Original content of the subtitle file:
1
00:00:29,359 --> 00:00:32,048
Ah! There's Princess
Dawn and Terry with the

2
00:00:32,248 --> 00:00:34,749
Blooney Looney soldiers
protecting them.

3
00:00:39,600 --> 00:00:42,414
Oh, Terry, look!
Here comes the Grump.

4
00:00:42,427 --> 00:00:45,795
Yeah! And looks like he's going to
shoot some darts at our balloon.

5
00:00:46,480 --> 00:00:51,911
Well, if they think king blooney's gas
bag guards can protect them from me.


Cleaned content of the subtitle file:
ah theres princess dawn terry blooney looney soldiers protecting oh terry look comes grump yeah looks like hes going shoot darts balloon well think king blooneys gas bag guards protect

Cleaning completed. Cleaned text saved to clean_file.txt.
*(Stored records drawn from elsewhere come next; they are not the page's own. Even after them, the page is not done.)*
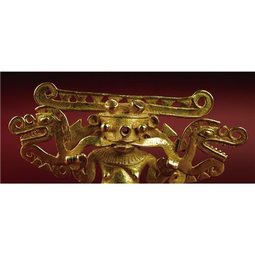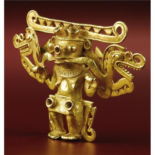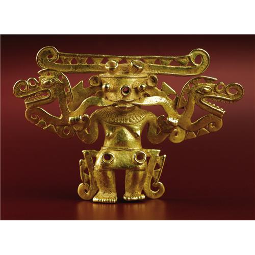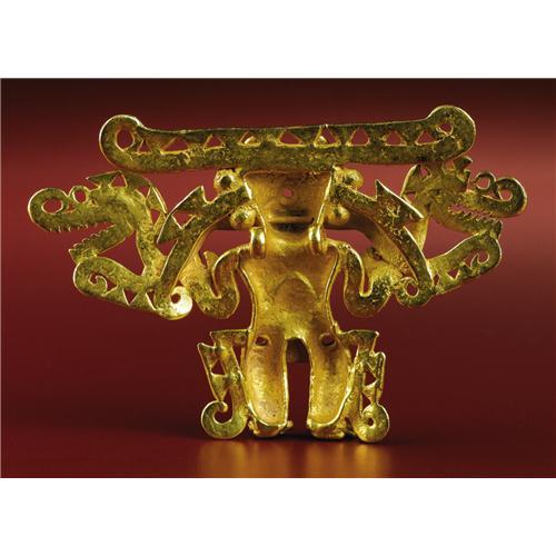 <B>Figure Biting Double-Headed Snake-Bodied Creature</B></I><BR>Coclé Province or Azuero Peninsula<BR>A.D. 650 - 1520<BR>Gold, Weight 133.2 grams<BR>Height 4 ¼ in. Width 2 ¾ in.<BR><BR>This figure was worn as a pendant suspended from the two loops at the back flanking the neck. With knees slightly bent, arms bent at the elbows, and hands clenched, the figure bites the ribbon-like body of a double-headed monster. The monster's heads are crested crocodiles with up-turned muzzles and serrated teeth in gaping jaws. Triangular shapes representing crocodile scutes outline the heads and front legs of the monsters. These triangular shapes and snout curls are repeated as an elongated headdress for the figure and also as projections from his waist along his legs to his feet, in all cases further enforcing the crocodilian presence. The figure wears a short kilt and a collar that suggests beading. There are nine concave cup-shaped forms on the body, including one representing the nose, that were probably inlaid with colored stones to further enhance the power of this piece. The condition is very good.<BR><BR>Provenance<BR>Charles Craig, Santa Barbara<BR><BR>
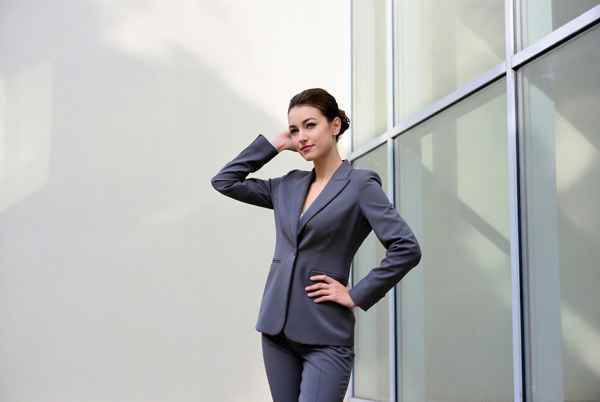 business attire, businesswoman, confident pose, corporate fashion, dark hair, female, glass windows, gray suit, hand on hip, isolated background, modern building, office attire, pantsuit, pose, professional, standing, stylish woman, touching ear, updo, woman
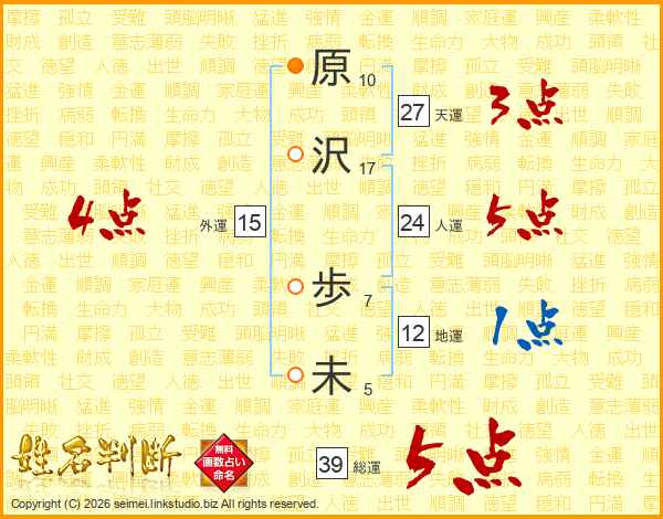原沢歩未さんの総運は39画の5点!

===================================================================================

# Chunking The Cleaned File

****

### Why Chunking ?

    A very important step to improve the performance: Document Chunker.
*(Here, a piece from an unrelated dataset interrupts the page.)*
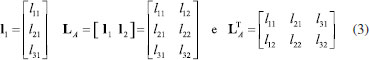 Os círculos cheios nas Figuras 1A e 1B representam algumas das amostras de um conjunto de dados contendo I amostras para o qual foram medidas três propriedades (x1, x2 e x3). A amostra i destacada na Figura 1A tem coordenadas xi1, xi2 e xi3 no espaço original, de dimensão 3. Ao fazer a análise de componentes principais, dois novos eixos, PC1 e PC2, cujas direções indicam a máxima dispersão dos dados, foram definidos gerando o subespaço A de dimensão 2, como indicado na Figura 1B. As amostras são então projetadas nesse plano e obtém-se as estrelas. As coordenadas da amostra i no plano A são os seus escores, ti1 e ti2. A distância ortogonal ao plano entre o círculo e a estrela é o resíduo que representa a informação eliminada resultante da análise de componentes principais. Ao definir o subespaço e efetuar a projeção das amostras no plano A, a dimensionalidade dos dados é reduzida de três para dois. Por esse motivo diz-se que esse é um método de projeção e também de compressão. Do ponto de vista matemático, a expressão 1 descreve uma matriz de dados X de dimensões (I×3) onde cada linha se refere a uma amostra (objeto, indivíduo). Nas colunas estão as três propriedades x1, x2 e x3, medidas. ![]() O vetor linha, xiT (()T indica a transposta de um vetor ou matriz) se refere à amostra i e seus elementos são os valores das três propriedades xi1, xi2 e xi3 medidas para descrever essa amostra (veja Figura 1A). Cada vetor coluna xj se refere a uma variável, ou seja, a uma medida realizada para todas as amostras. A análise de componentes principais resulta de uma transformação linear na matriz X representada pela expressão 2 ![]() em que T, L e E são as matrizes de escores, pesos e resíduos, respectivamente, e A é a dimensão do subespaço, i.e., o número de componentes principais retidas na decomposição de X, que no caso da Figura 1B é igual a 2. L é a matriz de pesos, cujos elementos indicam o quanto cada variável original contribuiu para gerar as PC (o novo sistema de eixos). Por exemplo, a variável x1 contribuiu com l11, a variável x2 com l21 e x3 com l31 para formar a primeira componente principal. O vetor de pesos da primeira componente principal e a matriz de pesos para as duas PC estão indicados a seguir (expressão 3). ![]() A matriz T contém os escores, i. e., as coordenadas das amostras no novo sistema de eixos. Associando à Figura 1B, ti é o vetor de escores da amostra i, que tem dois elementos: tiT = [ti1 ti2], um na primeira e outro na segunda componente principal. A matriz de resíduos, E, é constituída de vetores linha (que para a amostra i é um vetor com três coordenadas, eiT = [ei1 ei2 ei3]) ortogonais ao subespaço A e contém toda a informação que foi considerada como sendo irrelevante. A matriz de resíduos é nula quando não há compressão dos dados, i. e., quando A = 3. Considerando ainda os dados da expressão 1, o procedimento de obtenção das PC também pode ser representado pelo Esquema 1 em que todas as matrizes indicadas têm dimensões (I×3). A matriz X foi decomposta em três matrizes, cada uma sendo o produto de dois vetores, t 1 l 1 T , t l 2 e t 3 l 3 T . As informações descritas em PC1 "não se misturam", i. e., não se correlacionam com as de PC2, PC3 e assim por diante. A informação relevante dos dados está nas duas primeiras componentes principais, X ^ A , que é a matriz de dados reconstruída com apenas essas duas PC. A terceira componente principal descreve os resíduos.

    a. Consider the challenge of embedding large documents: Information Loss.
    
    b. It is often not practical to embed an entire document as a single vector, 
    particularly when dealing with long documents.
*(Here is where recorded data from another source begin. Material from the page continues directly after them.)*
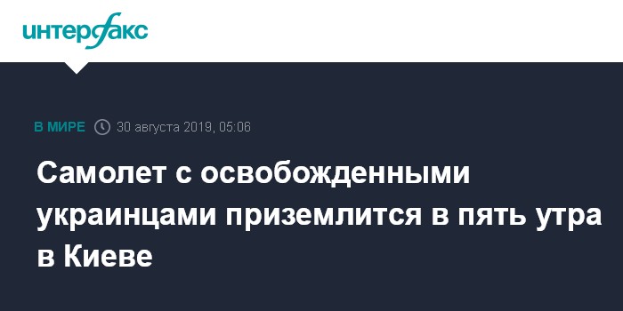 Москва. 30 августа. INTERFAX.RU - Самолет с освобожденными украинцами рано утром в пятницу должен прилететь в Киев, сообщил главный редактор "Эхо Москвы" Алексей Венедиктов.
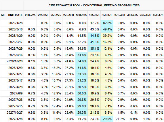 美联储官员已暗示,在2025年底连续三次降息后,本月(1月)可能会维持利率不变。卡什卡利也谈到了美联储主席鲍威尔的任期问题,表示虽然不清楚具体计划,但他乐见鲍威尔在任期结束后继续留任美联储理事。根据芝商所FEDWATCH工具来看,当前市场预估本月利率决议美联储维持利率区间不动的概率为82.8%,降息25个基点的可能性为17.2%。
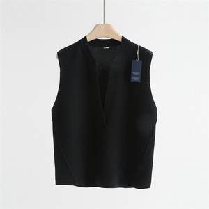 别具一格反骨缝合48支扬子纱精纺羊毛深V领宽松针织马甲背心A9088
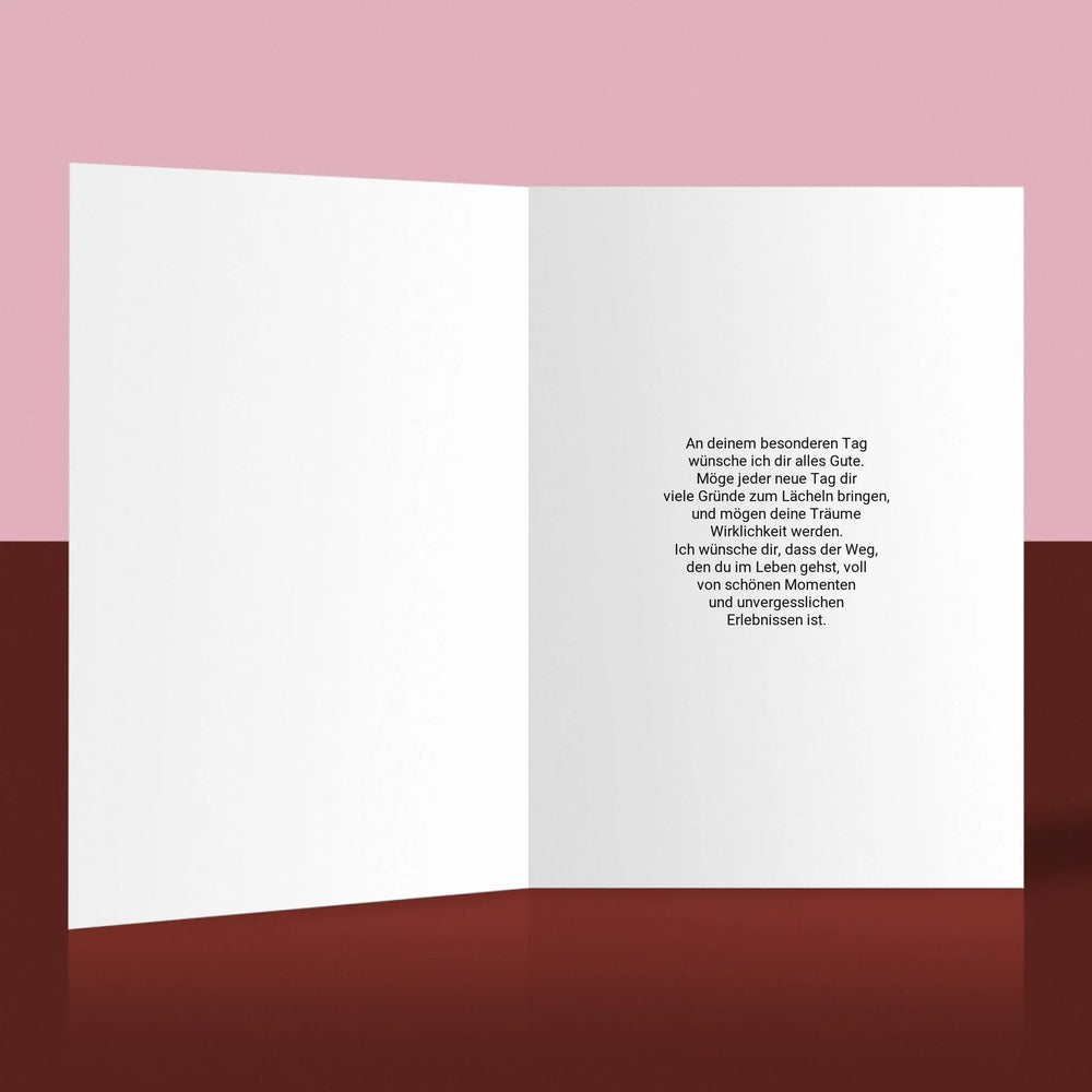 Personalisierte Glückwunschkarte für einen besonderen Anlass. Wählen Sie Ihre eigenen Fotos aus und erstellen Sie ein einzigartiges Geschenk!
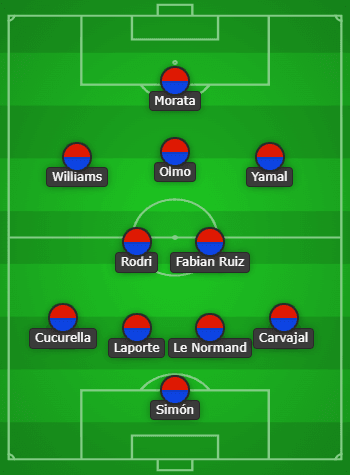อูไน ซิมอน – ดานี่ การ์บาฆาล, โรบิน เลอ นอร์กม็องด์, เอยเมริก ลาปอร์กต์, มาร์ค คูคูเรญ่า – โรดรี, ฟาเบียน รุยซ์ – ลามีน ยามาล, ดานี โอลโม่, นิโก้ วิลเลียมส์ – อัลบาโร่ โมราต้า
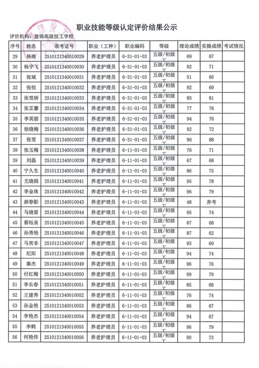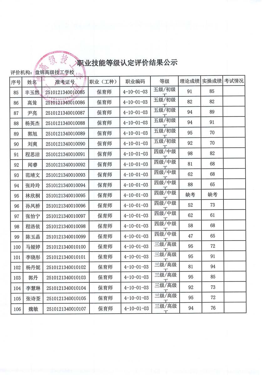 盘锦高级技工学校职业技能等级认定成绩公示(2025年第2批)
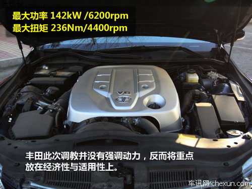 锐志依然搭载了和老款相同的型号为5GR-FE的2.5L V6发动机,只是动力参数上经过调校后比老款略低,具有双可变气门正时(Dual VVT-i)技术,最大功率为142千瓦,峰值扭矩为236牛米。
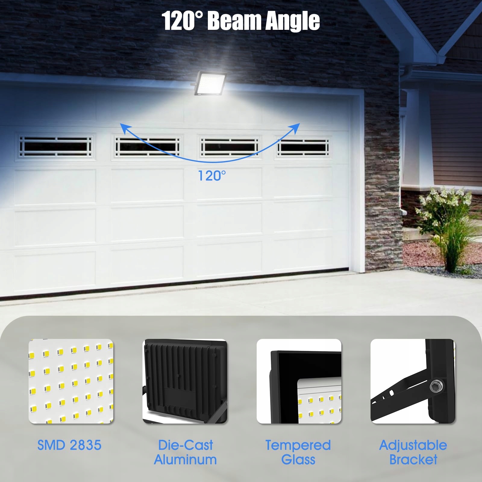 Szeroki kąt świecenia i duży obszar oświetlenia: Reflektor LED ma kąt świecenia 120°, co zapewnia szeroki zakres oświetlenia. Reflektory LED wykorzystują diody 2835 SMD oraz nowy reflektor, który powiększa obszar oświetlenia i redukuje niepożądane odbicia i załamania światła oraz poprawia jasność o 30%. Dzięki wysokiej jakości diodom LED ten zewnętrzny reflektor LED działa do 50000 godzin.
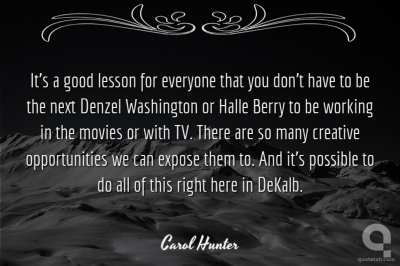 It's a good lesson for everyone that you don't have to be the next Denzel Washington or Halle Berry to be working in the movies or with TV. There are so many creative opportunities we can expose them to. And it's possible to do all of this right here in DeKalb.
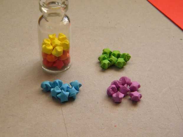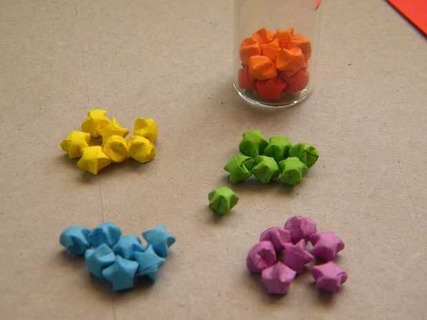 Hacer varias estrellas de origami y llenar su capa 1, arreglar entonces correctamente usando un palillo.
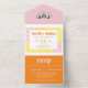 Faire-part de mariage rétro brillante et audacieuse. Faire-part de mariage orange rose et jaune. Ce modèle d'invitation contemporain vous invite à personnaliser pour l'événement parfait. Invitation moderne avec police rétro vintage. Invitation Boho avec marguerites lumineuses, arc photo et code QR. Une invitation simple et moderne conçue numériquement.
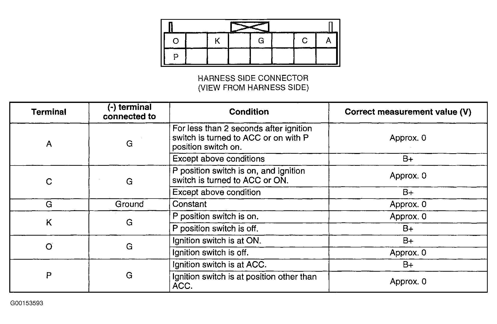 Fig 1: Key Lock Control Unit Pin Voltage Inspection Chart

    c. Solution: Divide a large document into smaller, more manageable chunks for embedding.

    d. Another Problem: Let’s say we set the token window to be 500, then we’d expect 
    each chunk to be just below 500 tokens. One common concern of this method is that we might  
    accidentally cut off some important text between chunks, splitting up the context. To mitigate 
    this, we can set overlapping windows with a specified
    amount of tokens to overlap so we have tokens shared between chunks.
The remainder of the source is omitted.